Последние слова старый Палоуцкий произнес столь внушительно, что всем стало ясно — шутить он не намерен. Когда, стучалось, кум изрекал наконец нечто определенное — ввиду его крайней совестливости такое бывало не часто, — ему вечно казалось, что можно бы рассудить еще лучше, и, следовательно, необходимо еще раз все обдумать. Зато уже стоял на своем, как было известно каждому соседу, твердо и непреклонно.
Но он ошибался, полагая, что теперь жених снова ударится в амбицию. Лукаш расхохотался от всей души, ему пришлось даже за стол ухватиться, и все присутствующие от души смеялись вместе с ним. Опять кум Печальник попал пальцем в небо!
— Хотите, дядюшка, я вам сей же миг дам расписку, что если мы хоть раз с вашей дочерью повздорим, пусть даже из-за пустяка, то докучать вам ни в коем случае не станем, — предлагает он будущему тестю, продолжая хохотать во все горло.
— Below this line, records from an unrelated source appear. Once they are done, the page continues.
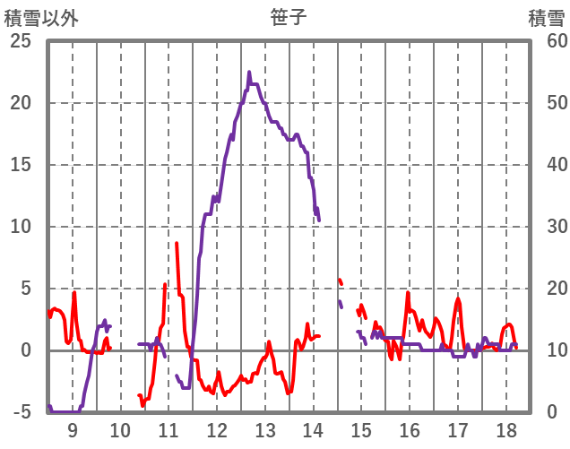 | 日 | 時 | 気温 | 降水 | 風向/風速 | 日照 | 積雪 | 降雪 |
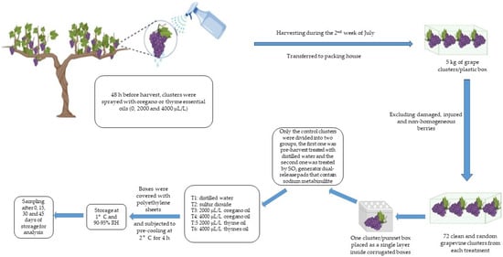 Sixty grapevines approximately uniform in size and free of visible symptoms of infection were sprayed with oregano or thyme essential oils (0, 2000 and 4000 µL/L) and tween-80 as a surfactant 48 h before the clusters were picked during the second week of July in both seasons. Each vine cluster was sprayed until the solution dripped from the fruit. The picked clusters were placed in plastic boxes (5 kg capacity) and transferred by refrigerated vehicle to El-Eman packing house for sorting, packing, cooling, and freezing agricultural crops (Markaz Badr, El-Beheira Governorate, Egypt). Upon arrival, clusters were sorted; damaged and injured berries, as well as non-homogeneous berries, were excluded. After that, 72 clean randomly selected clusters from each treatment were divided into four storage periods (0, 15, 30, and 45 days). Each storage period consisted of three replicates and each replicate contained six clusters. All clusters were placed in polyethylene terephthalate (PET) lid punnet boxes (one cluster/punnet box) with dimensions of 19 × 12 × 8.5 cm. The punnet boxes were placed as a single layer inside corrugated boxes with dimensions of 60 × 40 × 9 cm. Only the control clusters were divided into two groups; the first one was preharvest-treated with distilled water and the second one was treated by SO2 generator dual-release pads that contain sodium metabisulfite (PROTEKU®, Calle C, esquina calle F-03109 TIBI, Alicante, Spain) during the cold storage period. Thus, the experiment included six treatments: (1) control (preharvest-sprayed with distilled water), (2) SO2, (3) 2000 µL/L oregano oil, (4) 4000 µL/L oregano oil, (5) 2000 µL/L thyme oil, and (6) 4000 µL/L thyme oil. All experimental boxes were covered with polyethylene sheets 0.04 mm thick and subjected to pre-cooling by placing them into a forced air-cooling room (pressures 0.6 to 7.5 mbar and air flows 0.001 to 0.003 m3/second/kg) at 2 °C for four hours. After that, the boxes were stored at 1 °C and 90–95% RH for 45 days. The fruits’ physical and chemical characteristics were measured at harvest and then every 15 days from the start of the cold storage period to the end. The experimental procedures are shown in Figure 2.
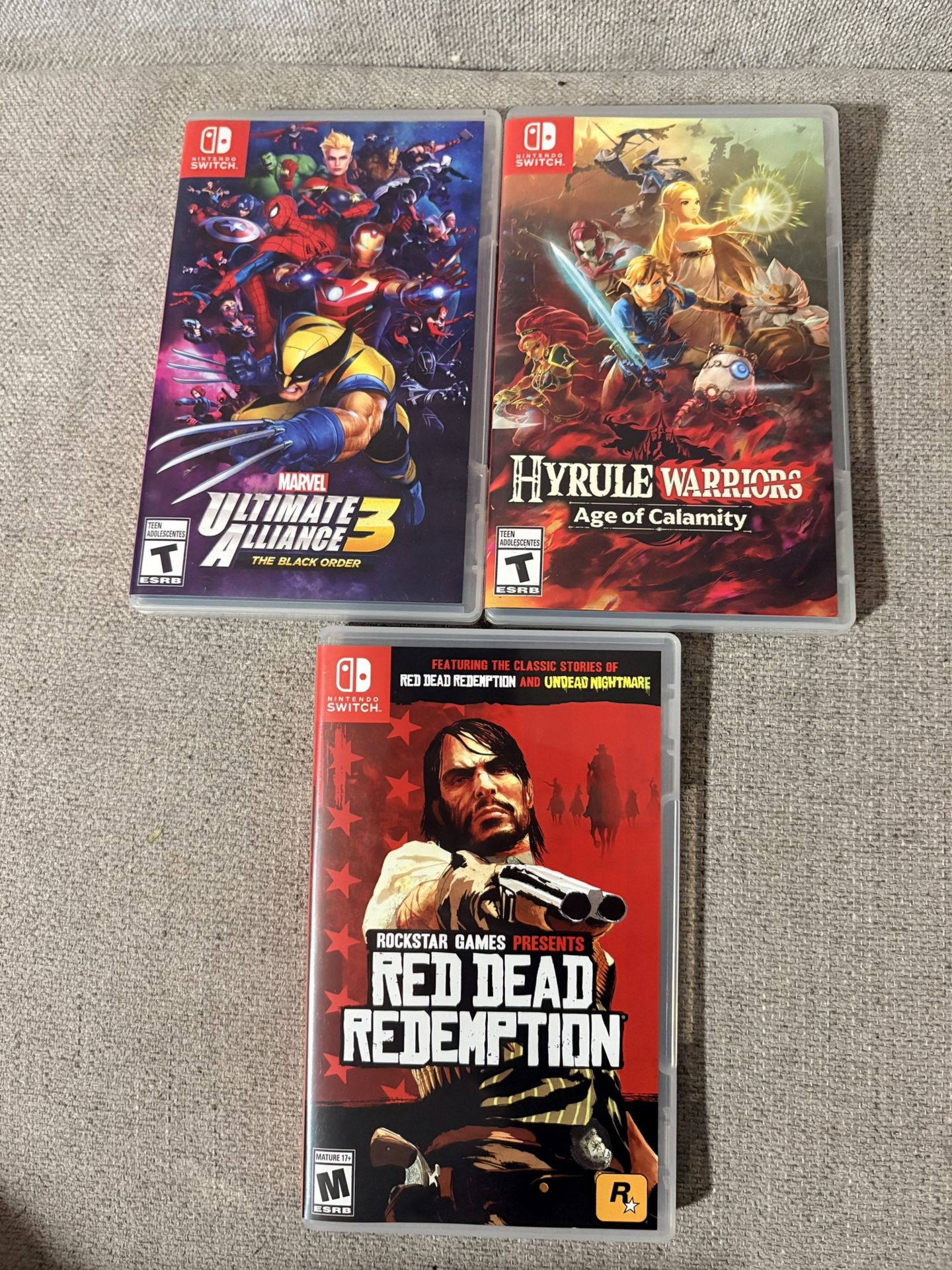 Marvel ultimate alliance 3-$35 Hyrule warriors age of calamity-$45 Super Mario odyssey-$35 Red dead redemption-$35 All games in perfect working condition they also work for the switch 2 prices are firm for now or you can buy all 4 only $120! Great deal saving you a lot of money lmk if interested

Еще никогда и ничто не смешило его так, как предположение, будто он может когда-нибудь поссориться с Вендулкой — с той самой Вендулкой, ради которой столько раз всей деревне спать не давал, швыряя в отместку камни на крышу старому ворчуну. С Вендулкой, которую даже рядом с покойницей женой не забывал ни на минуту, которая из-за него всем женихам отказала, хоть и не могла знать, что судьба сведет их еще раз. Верно, и она хохотала до упаду, когда отец сказал ей этакое! Нет, не зря дали старому Палоуцкому прозвище Печальник, более меткого прозвища для него и не измыслишь. Кто бы подумал, что и тут он сыщет повод для ахов да охов?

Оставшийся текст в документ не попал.